##### EXERCISE DATA #####
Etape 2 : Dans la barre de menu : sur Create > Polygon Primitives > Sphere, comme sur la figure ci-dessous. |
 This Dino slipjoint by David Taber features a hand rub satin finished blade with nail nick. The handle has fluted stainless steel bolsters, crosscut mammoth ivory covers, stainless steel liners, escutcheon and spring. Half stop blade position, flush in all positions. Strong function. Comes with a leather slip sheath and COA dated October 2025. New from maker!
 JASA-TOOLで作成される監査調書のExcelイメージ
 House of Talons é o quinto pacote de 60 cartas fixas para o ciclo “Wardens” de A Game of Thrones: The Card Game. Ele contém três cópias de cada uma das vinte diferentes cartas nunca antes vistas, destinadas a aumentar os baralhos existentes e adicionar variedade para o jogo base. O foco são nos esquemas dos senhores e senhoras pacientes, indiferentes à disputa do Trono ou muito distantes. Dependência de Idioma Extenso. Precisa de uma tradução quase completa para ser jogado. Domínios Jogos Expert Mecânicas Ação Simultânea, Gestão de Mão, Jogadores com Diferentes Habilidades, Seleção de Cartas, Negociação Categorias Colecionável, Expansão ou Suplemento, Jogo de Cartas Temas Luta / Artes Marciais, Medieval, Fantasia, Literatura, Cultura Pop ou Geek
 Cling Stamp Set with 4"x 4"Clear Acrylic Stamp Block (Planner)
#####
WHAT YOU HAVE TO DO: From the first line to the last, copy the data exactly.

OUTPUT:
Etape 2 : Dans la barre de menu : sur Create > Polygon Primitives > Sphere, comme sur la figure ci-dessous. |
 This Dino slipjoint by David Taber features a hand rub satin finished blade with nail nick. The handle has fluted stainless steel bolsters, crosscut mammoth ivory covers, stainless steel liners, escutcheon and spring. Half stop blade position, flush in all positions. Strong function. Comes with a leather slip sheath and COA dated October 2025. New from maker!
 JASA-TOOLで作成される監査調書のExcelイメージ
 House of Talons é o quinto pacote de 60 cartas fixas para o ciclo “Wardens” de A Game of Thrones: The Card Game. Ele contém três cópias de cada uma das vinte diferentes cartas nunca antes vistas, destinadas a aumentar os baralhos existentes e adicionar variedade para o jogo base. O foco são nos esquemas dos senhores e senhoras pacientes, indiferentes à disputa do Trono ou muito distantes. Dependência de Idioma Extenso. Precisa de uma tradução quase completa para ser jogado. Domínios Jogos Expert Mecânicas Ação Simultânea, Gestão de Mão, Jogadores com Diferentes Habilidades, Seleção de Cartas, Negociação Categorias Colecionável, Expansão ou Suplemento, Jogo de Cartas Temas Luta / Artes Marciais, Medieval, Fantasia, Literatura, Cultura Pop ou Geek
 Cling Stamp Set with 4"x 4"Clear Acrylic Stamp Block (Planner)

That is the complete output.